Part of the devout population, however, complains about this situation and uses the variation in the ceremonial scheme to point out the gravity of a country that has seen its Mother Church closed for three years without it being known when and if work on its restoration and rearrangement will begin. In the Palio of the Quercigliole, the six districts in which the town has been divided challenge each other: Villaggi, Castello, Santa Lucia, San Rocco, Piazza, Morgione. It is, however, a reorganization of the components and the late town districts, prepared around the seventies of the twentieth century, by some scholars of local history engaged in the work of enhancement and revitalization of local traditions.
Presumably, in fact, the representatives of the most prominent families in the community originally challenged each other. Today the ceremony records the participation of professional jockeys from the nearby racetracks of Agnano and Corridonia, and horses bred mostly by owners of Campania or Lower Molise, in many cases linked to the circuit of the Carresi, the competitions of oxen-drawn and horse-drawn carts that characterize the area. This denotes a progressive detachment of the local community from the knowledge and practices that characterized the festive system and is probably at the origin of a lesser involvement in the festival.

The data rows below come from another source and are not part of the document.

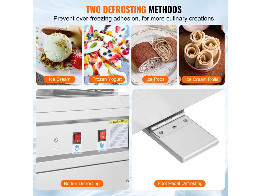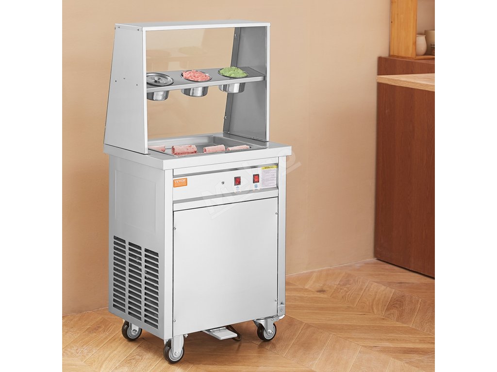 Stroj na rolovanú zmrzlinu 13.8"×13.8" nerez, kompresor, 2 stierky
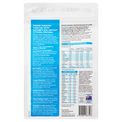 Nature's Way Instant Natural Protein is easy to use. Simply place two tablespoons (35g) once daily in a glass and add 250mL of milk or water and stir thoroughly until the powder is fully dissolved and you have a delicious nutritious drink.
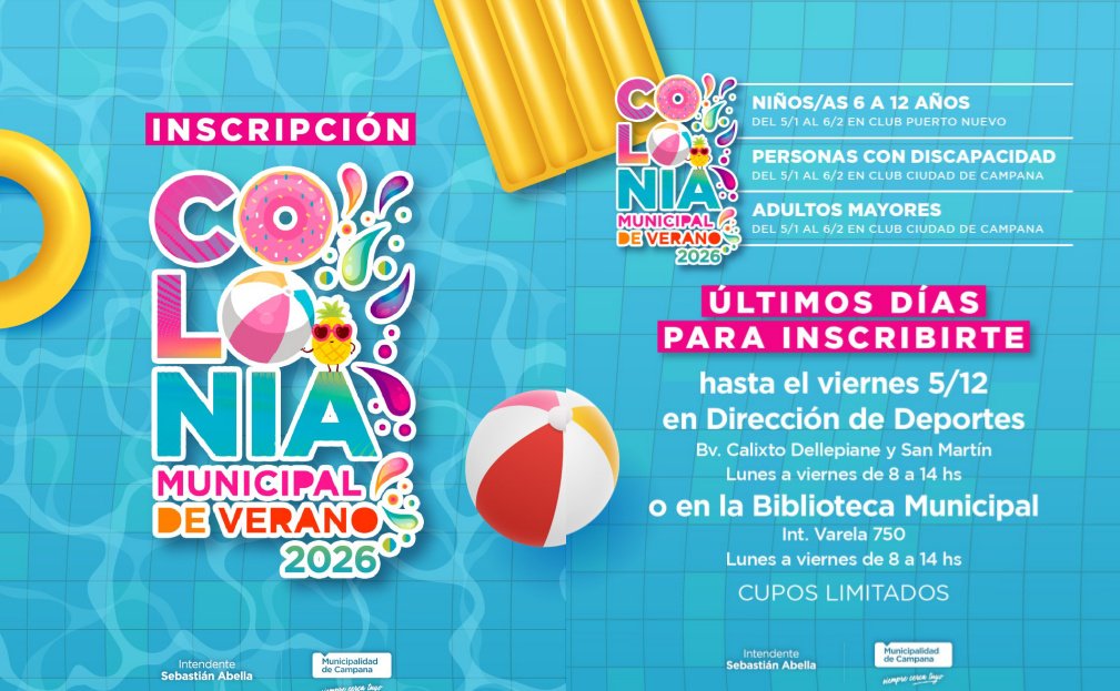 Como ya es tradición, la propuesta está destinada a adultos mayores, personas con discapacidad y chicos de entre 6 y 12 años. Los dos primeros grupos disfrutarán de las actividades en el Club Ciudad de Campana; mientras que, el tercer grupo, concurrirá al Club Puerto Nuevo. Ambas sedes se desarrollarán en el turno mañana desde el 5 de enero al 6 de febrero.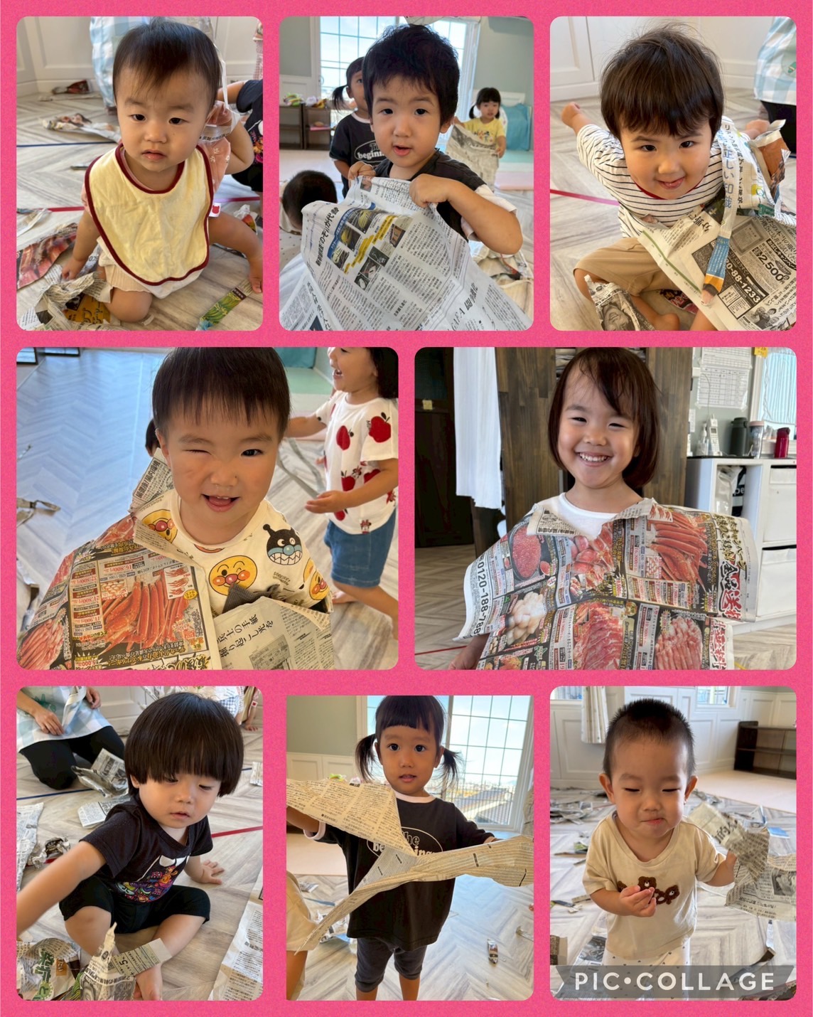 新聞紙📰をお洋服にみたてていたお友だちもいましたよ🤗

In recent years, the Palio has not been the subject of any animal-rights controversy, as has happened with other ritual competitions involving equids. This is probably due to the fact that the route is entirely on dirt road, of short duration and driven at very low speeds. For the people of Ripesi it represents today an occasion for the outing that precedes the development of the Palio during which they consume typical food of the festive regime.
Many believe that there is too much separation between the local population and the professionals who create the Palio, almost to signal a progressive spectacularization of the race, distancing from the real life of the community.
However, in recent years, a renewed management, largely entrusted to a Party Committee composed for a time almost exclusively of women and more recently by young people, seems to open to a revitalization of the festive system with a more lively fan base, especially among young people. The project is to get back to organize the festival through entirely local resources, i.e. raising horses in the districts and with local knights. This could, in fact, renew the pact that historically links this feast to the identity that has been honored, but to date it still seems to be a project that has been enunciated and hoped for, rather than a concrete perspective.